Weekend Update: November 18-19, 2023

Next week at Maine Crime Writers there will be posts by Kate Flora (Monday), Sandra Neily (Tuesday), Dick Cass (Wednesday) and Matt Cost (Friday). Happy Thanksgiving, everyone!

In the news department, here’s what’s happening with some of us who blog regularly at Maine Crime Writers:

 Body Contest Results? Are, alas, delayed, but will post next week.

Kate Flora is thrilled that book 8 in her Joe Burgess police procedural series will debut in December.

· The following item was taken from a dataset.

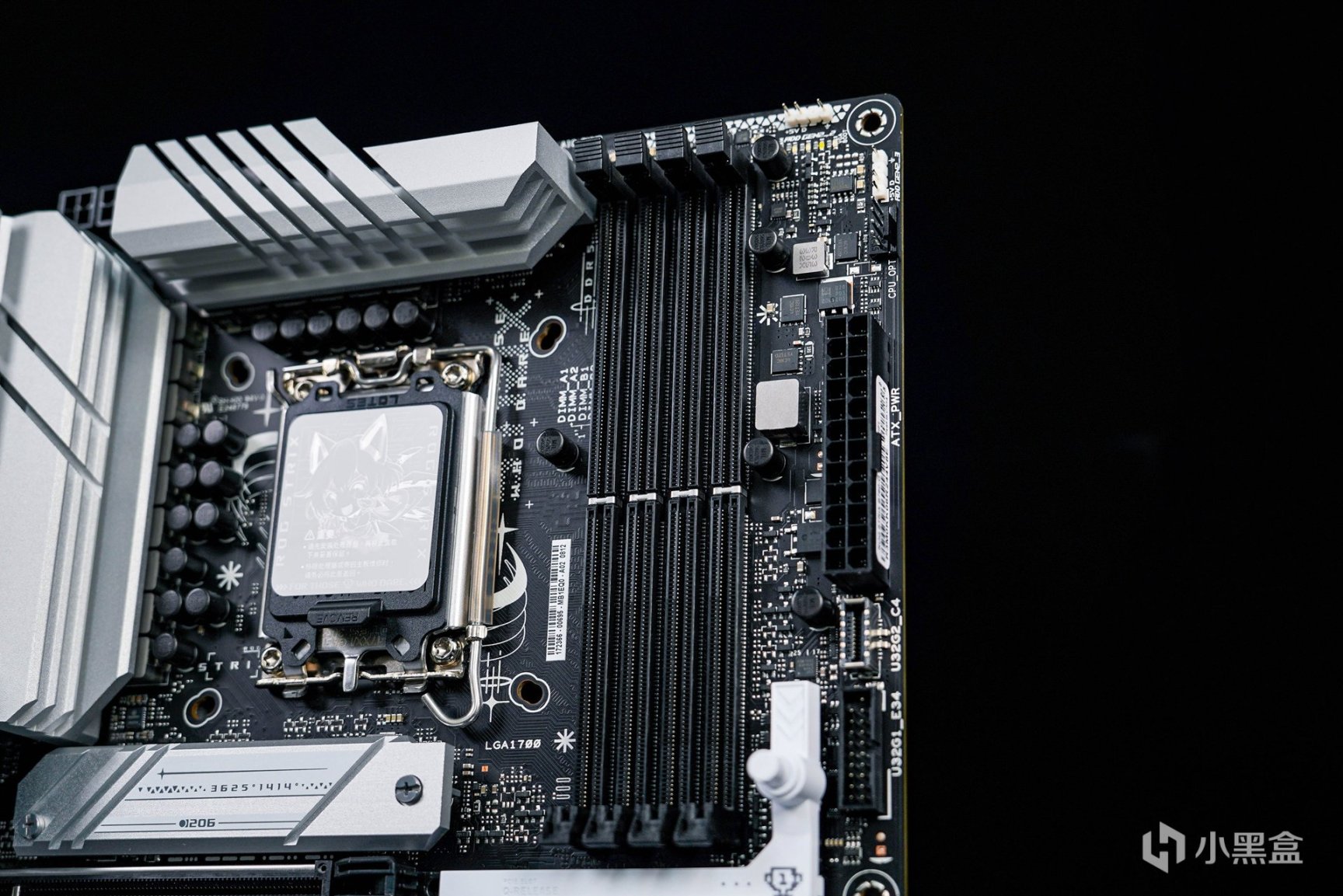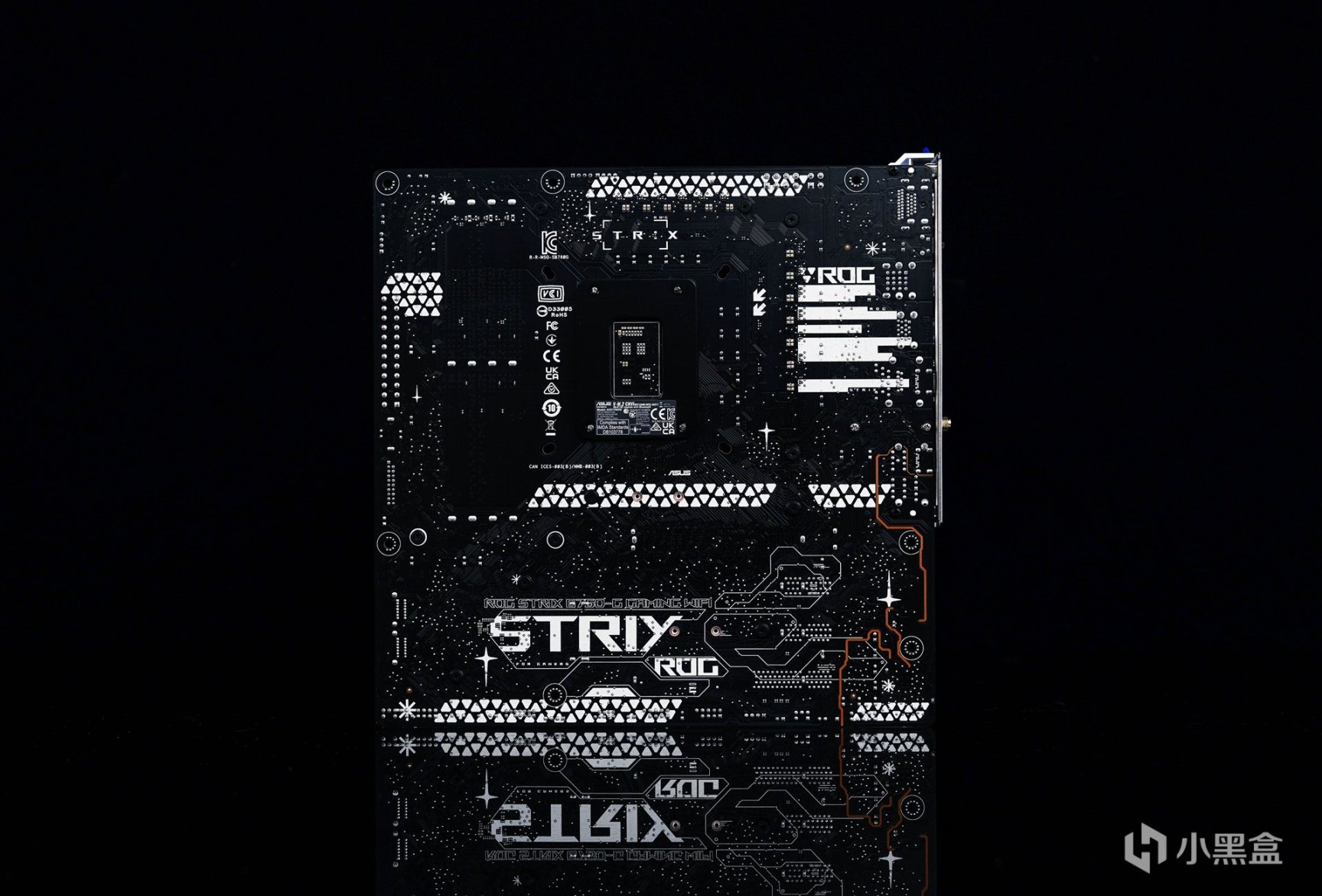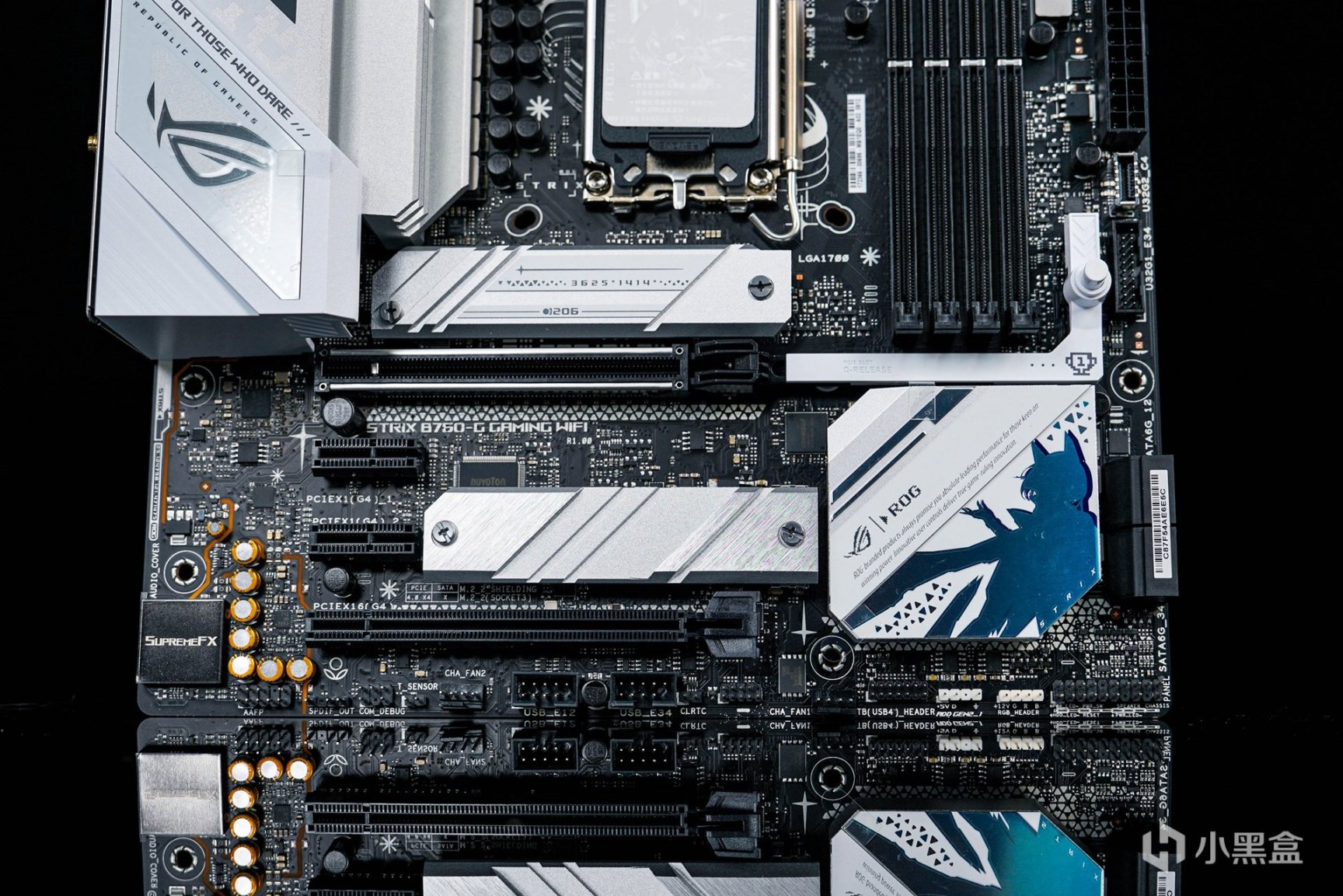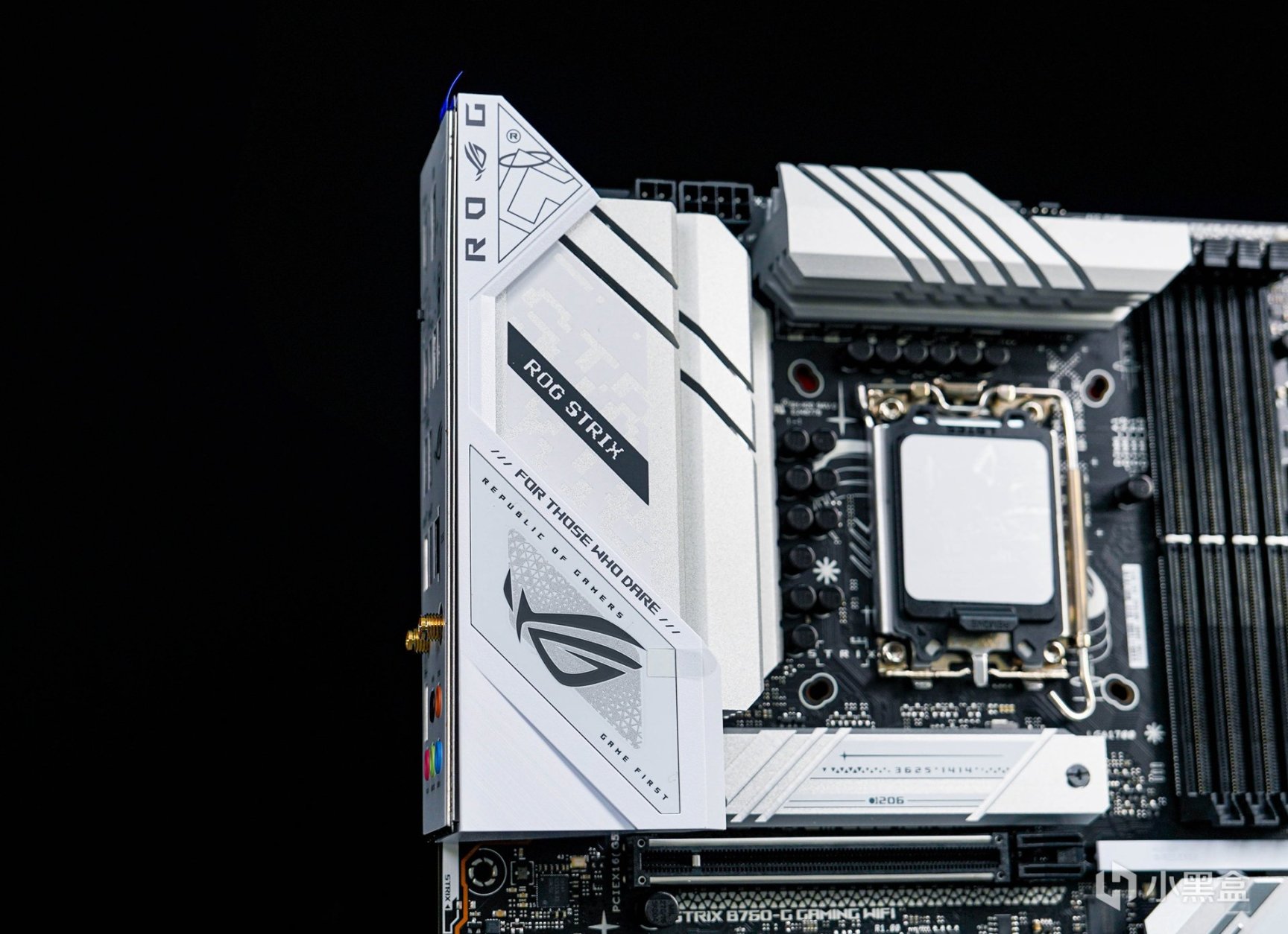 在板面设计上延续吹雪偏爱的“熊猫”配色,银白马甲搭配上黑色PCB。而在外观做出的最大的改变应该是右下芯片散热马甲上的雪舞战姬的LOGO喷涂,背面则采用无马甲背板设计,在背板处不同的地方印有ROG Strix的装饰图案。主板提供了2条PCIe×16插槽和2条PCIe×1插槽,而M.2插口则由两个80MM的PCIe4.0*4插槽承担,主插槽支持最新的PCIe 5.0*16技术,这也得益于新的带宽技术上带来了大幅的提升,为以后搭配采用PCIe5.0技术的旗舰显卡做好了准备。主显卡插槽还加入了上一代吹雪的显卡易拆键设计。

John Clark has had several good things happen recently. One of his short stories was selected by the Principal Foundation for Money Chronicles: A Story initiative. Read on for more details here: https://short-edition.com/en/contest/principal-2023/finalists

In late October, one of his stories was featured on Mysteryrat’s Maze podcast. https://mysteryratsmaze.podbean.com/e/when-a-prank-goes-bad-by-john-r-clark/

His latest anthology Dark Maine is out and available at Amazon, or from the author

On a note unrelated to crime (we hope) don’t miss Gardens Aglow, the seasonal light display at the Coastal Maine Botanical Garden.

An invitation to readers of this blog: Do you have news relating to Maine, Crime, or Writing? We’d love to hear from you. Just comment below to share.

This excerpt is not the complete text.